*What you have to do:*
For every record beneath this instruction, give an exact repetition, omitting images.

*Information shown:*
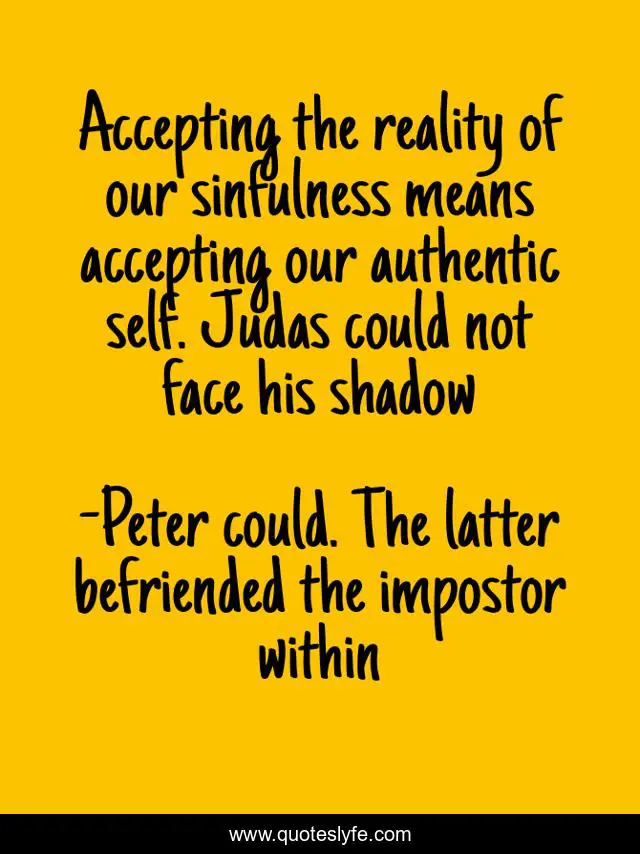 This page presents the quote "Accepting the reality of our sinfulness means accepting our authentic self. Judas could not face his shadow". Author of this quote is Peter could. The latter befriended the impostor within. .
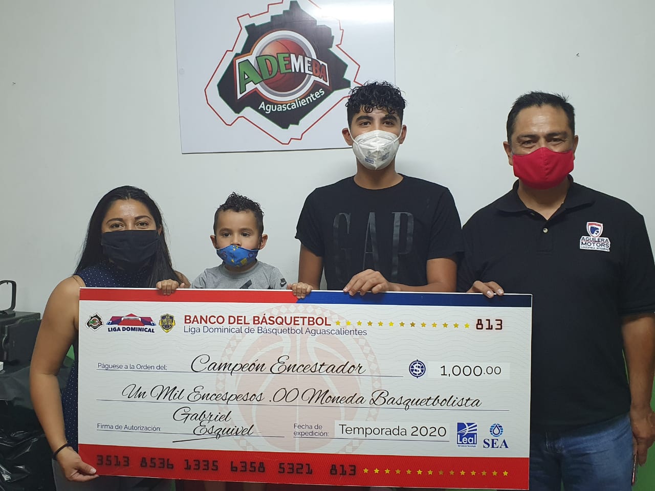 de la Liga de basquetbol Dominical de Aguascalientes, recibiendo un estimulo
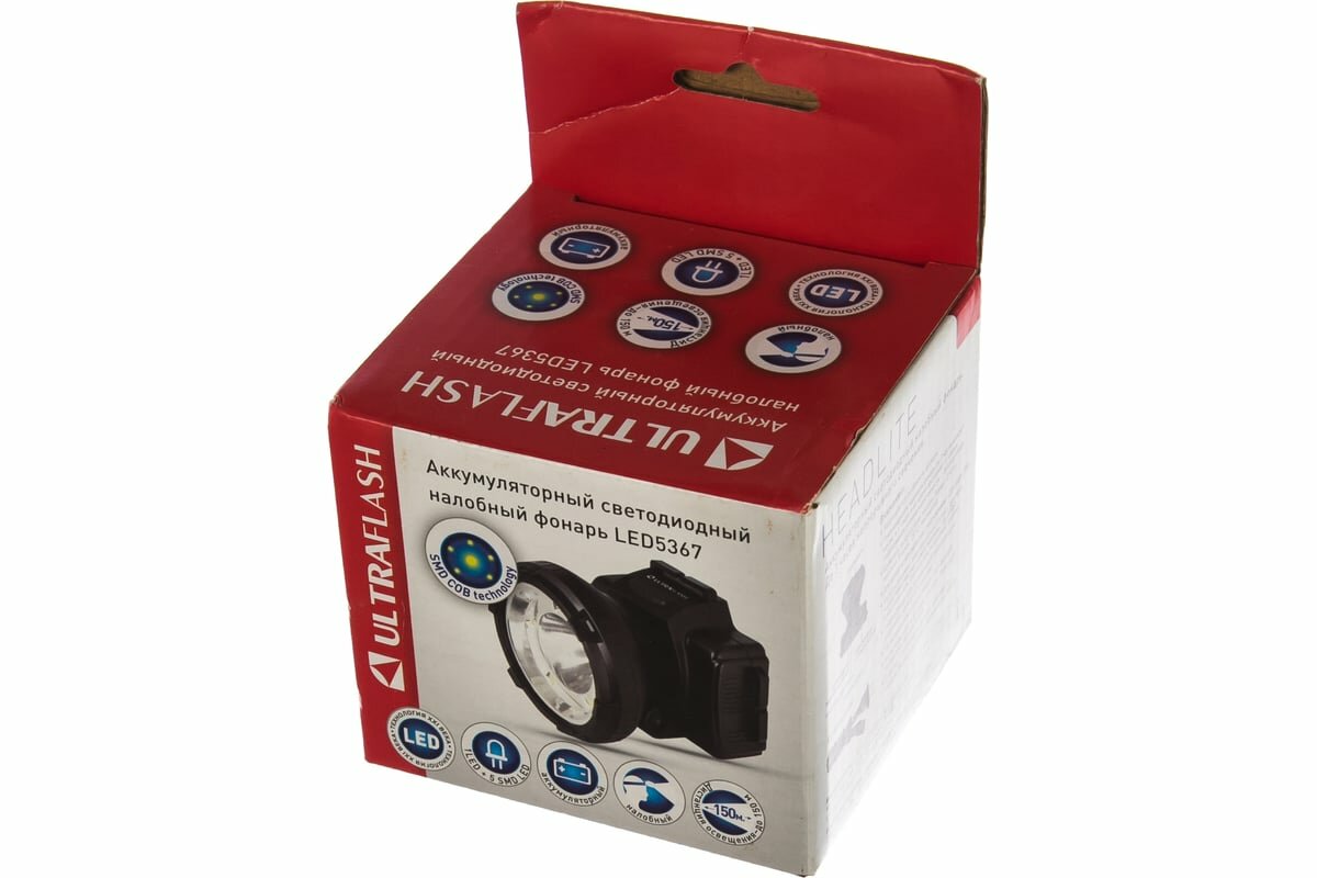 Фонарь налобн аккум 220в, черный, 1,2 втт led+5smd, 2 реж, пласт, бокс ultraflash led5367
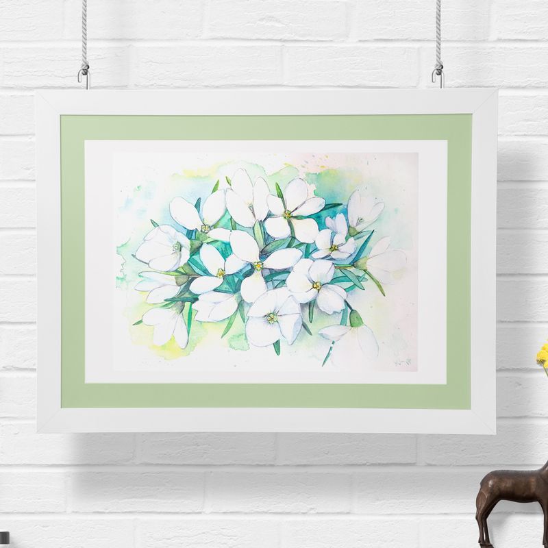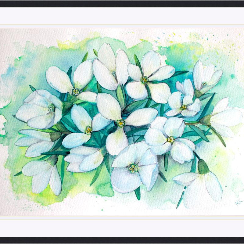 Snowdrops - gentle white flowers, first signs of coming spring. Size: 30.5x22.9 cm, 12x9 in. Frame is not included. High quality materials Winsor&Newton watercolor paper cold pressed grain fin 300 gsm paper. How to order: * in my Etsy-shop www.etsy.com/shop/MilaArtandCraft * contact me in Instagram www.instagram.com/art_and_mi * e-mail me - azriaeng@gmail.com. I accept Paypal payments. Thank you for visiting!
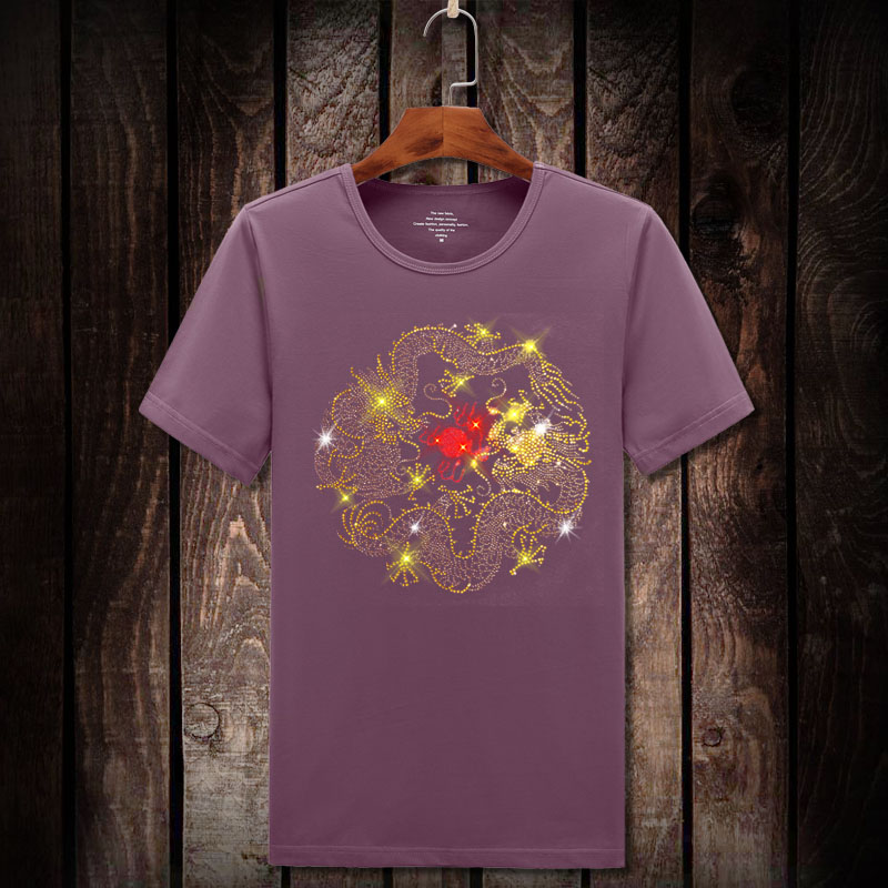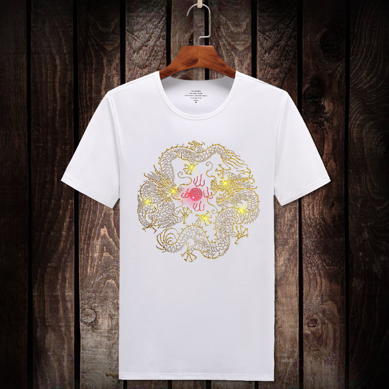 Summer Bronzed Drilling Country Tide Double Dragon China Wind Short Sleeve T-shirt Male Trend Clothes Manmade Semi-Sleeve T-shirt Pure Cotton Big Size

*Answer:*
 This page presents the quote "Accepting the reality of our sinfulness means accepting our authentic self. Judas could not face his shadow". Author of this quote is Peter could. The latter befriended the impostor within. .
 de la Liga de basquetbol Dominical de Aguascalientes, recibiendo un estimulo
 Фонарь налобн аккум 220в, черный, 1,2 втт led+5smd, 2 реж, пласт, бокс ultraflash led5367
 Snowdrops - gentle white flowers, first signs of coming spring. Size: 30.5x22.9 cm, 12x9 in. Frame is not included. High quality materials Winsor&Newton watercolor paper cold pressed grain fin 300 gsm paper. How to order: * in my Etsy-shop www.etsy.com/shop/MilaArtandCraft * contact me in Instagram www.instagram.com/art_and_mi * e-mail me - azriaeng@gmail.com. I accept Paypal payments. Thank you for visiting!
 Summer Bronzed Drilling Country Tide Double Dragon China Wind Short Sleeve T-shirt Male Trend Clothes Manmade Semi-Sleeve T-shirt Pure Cotton Big Size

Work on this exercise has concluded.